***** Supplied data
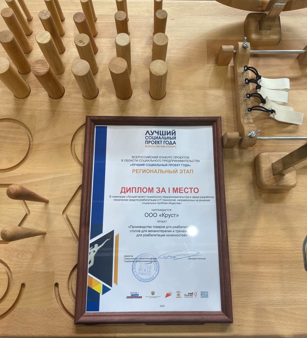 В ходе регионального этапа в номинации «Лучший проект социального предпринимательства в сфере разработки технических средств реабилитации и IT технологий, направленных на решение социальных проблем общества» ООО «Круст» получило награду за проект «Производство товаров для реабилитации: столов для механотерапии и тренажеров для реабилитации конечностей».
**********
***** Supplied data
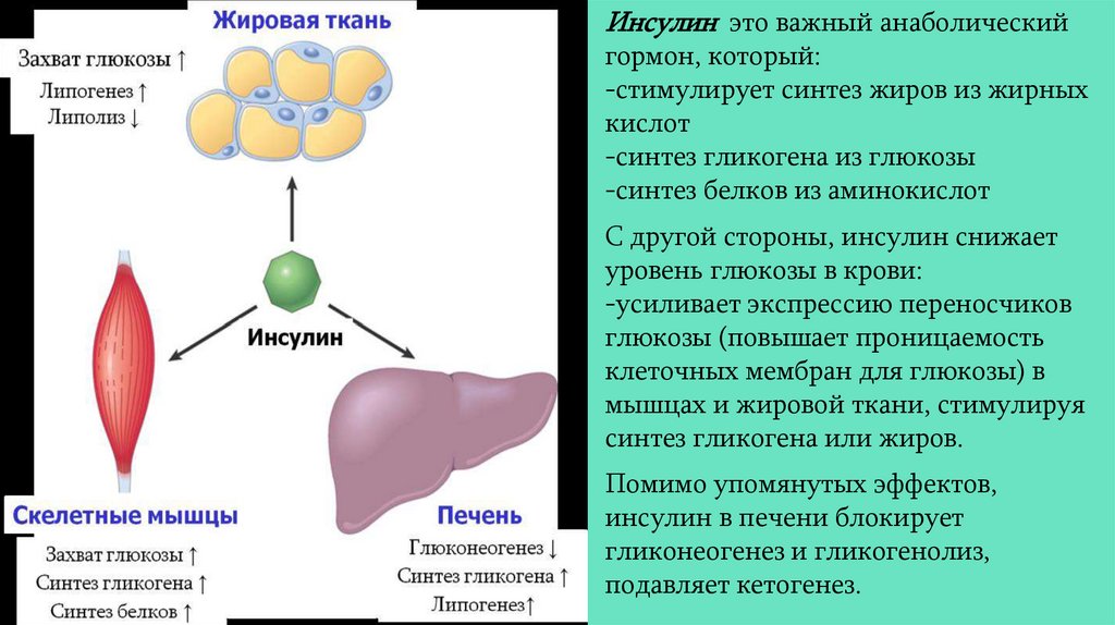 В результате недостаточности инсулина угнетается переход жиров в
**********
***** Supplied data
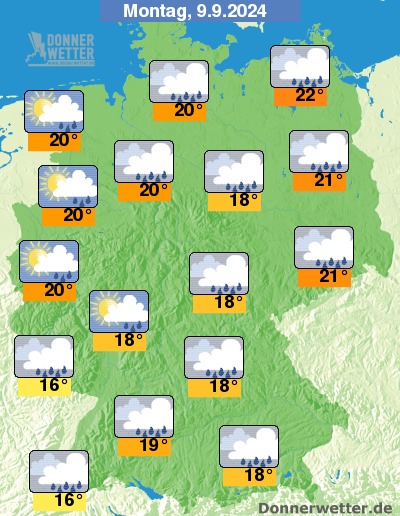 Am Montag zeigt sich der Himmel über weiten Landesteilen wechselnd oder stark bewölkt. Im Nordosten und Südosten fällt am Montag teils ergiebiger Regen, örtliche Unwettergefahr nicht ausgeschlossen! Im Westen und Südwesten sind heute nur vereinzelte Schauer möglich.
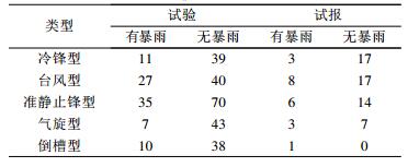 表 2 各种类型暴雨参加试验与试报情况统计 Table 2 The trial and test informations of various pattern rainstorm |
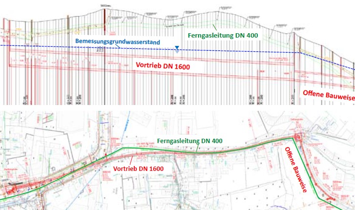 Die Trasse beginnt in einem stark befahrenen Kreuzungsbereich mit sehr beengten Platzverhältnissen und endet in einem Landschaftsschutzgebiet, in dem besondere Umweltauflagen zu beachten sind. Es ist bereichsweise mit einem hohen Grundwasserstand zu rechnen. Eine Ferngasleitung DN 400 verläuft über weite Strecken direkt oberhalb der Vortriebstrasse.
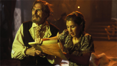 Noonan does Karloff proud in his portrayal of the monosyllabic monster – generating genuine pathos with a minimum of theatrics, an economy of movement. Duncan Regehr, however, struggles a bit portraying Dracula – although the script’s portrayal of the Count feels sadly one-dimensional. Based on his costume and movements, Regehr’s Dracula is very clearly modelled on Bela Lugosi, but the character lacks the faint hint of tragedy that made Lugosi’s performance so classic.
**********
> Work item
With pictures excluded, reproduce exactly the lines above from the one containing "Die Trasse beginnt" down to the one containing "Noonan does Karloff", those two included.

> Written answer
 Die Trasse beginnt in einem stark befahrenen Kreuzungsbereich mit sehr beengten Platzverhältnissen und endet in einem Landschaftsschutzgebiet, in dem besondere Umweltauflagen zu beachten sind. Es ist bereichsweise mit einem hohen Grundwasserstand zu rechnen. Eine Ferngasleitung DN 400 verläuft über weite Strecken direkt oberhalb der Vortriebstrasse.
 Noonan does Karloff proud in his portrayal of the monosyllabic monster – generating genuine pathos with a minimum of theatrics, an economy of movement. Duncan Regehr, however, struggles a bit portraying Dracula – although the script’s portrayal of the Count feels sadly one-dimensional. Based on his costume and movements, Regehr’s Dracula is very clearly modelled on Bela Lugosi, but the character lacks the faint hint of tragedy that made Lugosi’s performance so classic.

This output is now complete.